Reakcja Europy na te doniesienia jest mieszaniną niedowierzania i mobilizacji. Liderzy państw unijnych zdają sobie sprawę, że powrót do współpracy z Rosją jest niemożliwy, a narzucony pokój może okazać się jedynie przerwą operacyjną dla armii rosyjskiej przed kolejnym uderzeniem. W mediach zachodnich coraz częściej pojawia się krytyka postawy wyczekującej, Europa, która przez dekady polegała na amerykańskim parasolu ochronnym, staje przed koniecznością samodzielnego zdefiniowania swojej architektury bezpieczeństwa.
Brak decyzyjności w tym momencie może skutkować marginalizacją Unii Europejskiej do roli płatnika odbudowy Ukrainy, bez realnego wpływu na warunki polityczne. Nie można pominąć aspektu psychologicznego. Wizja "handlu” Ukrainą wywołuje w naszej części Europy fatalne skojarzenia. Każda sugestia, że o granicach i sojuszach decyduje się w Waszyngtonie i Moskwie, pomijając Kijów i Brukselę, podważa zaufanie do sojuszniczej wiarygodności. To właśnie dlatego w ostatnich dniach obserwujemy gorączkową aktywność dyplomatyczną, której celem jest wypracowanie wspólnego, europejskiego stanowiska, zanim fakty zostaną dokonane za oceanem.

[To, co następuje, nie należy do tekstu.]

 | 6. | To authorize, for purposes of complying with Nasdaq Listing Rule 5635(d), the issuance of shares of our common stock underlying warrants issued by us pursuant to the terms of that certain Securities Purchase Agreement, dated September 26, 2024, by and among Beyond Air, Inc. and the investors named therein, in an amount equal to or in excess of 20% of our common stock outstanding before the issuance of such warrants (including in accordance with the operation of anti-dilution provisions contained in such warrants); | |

Zobacz też: Polacy zabrali głos ws. Tuska, najnowszy sondaż mówi wiele. Premier ma wielki problem
Wołodymyr Zełenski dzwoni do Donalda Tuska
W sobotę prezydent Ukrainy Wołodymyr Zełenski odbył rozmowę telefoniczną z premierem Polski Donaldem Tuskiem, poświęconą bieżącej sytuacji dyplomatycznej wokół konfliktu na Ukrainie. Tematem rozmowy były zarówno konsultacje Kijowa ze Stanami Zjednoczonymi, jak i koordynacja działań z europejskimi partnerami. Ukraiński prezydent podkreślił, że kluczowe jest aktywne zaangażowanie Europy w proces wypracowywania rozwiązań pokojowych, a nie jedynie obserwowanie sytuacji.

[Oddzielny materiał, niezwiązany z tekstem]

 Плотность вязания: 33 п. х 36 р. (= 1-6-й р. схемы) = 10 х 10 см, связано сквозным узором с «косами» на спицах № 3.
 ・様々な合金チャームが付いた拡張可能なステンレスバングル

Rozmawiałem z premierem Polski Donaldem Tuskiem. Przekazałem szczegóły naszej pracy dyplomatycznej ze Stanami Zjednoczonymi i Europą. Dla nas ważne jest, aby wszyscy partnerzy, którzy są z nami od początku tej wojny, byli na bieżąco informowani o sytuacji. Koordynujemy działania, aby Europa była włączona w ten proces – napisał Zełenski na portalach społecznościowych.
Rozmowa z premierem Tuskiem miała również podkreślić rolę Polski jako jednego z filarów wsparcia dla Ukrainy. Zełenski wyraził wdzięczność zarówno wobec polskiego rządu, jak i całego społeczeństwa:
Dziękuję panu premierowi oraz całemu narodowi polskiemu za wsparcie. Wiemy, że zawsze możemy liczyć na Polskę i bardzo to cenimy.
Premier Donald Tusk w swoim wpisie zaznaczył, że przedstawione przez prezydenta Zełenskiego stanowisko dotyczące amerykańskiego planu zakończenia wojny wymaga konsultacji z polskim rządem. Podkreślił jednocześnie, że Rosja nie może dyktować warunków ani Ukrainie, ani Europie.
Przed chwilą Wołodymyr Zełenski w rozmowie telefonicznej przedstawił swoje stanowisko wobec amerykańskiej propozycji pokojowej. Wymaga ona wspólnej pracy. Rosja nie może narzucić Ukrainie i Europie swoich warunków. Wszystko, co dotyczy Polski, musi być uzgodnione z polskim rządem - czytamy.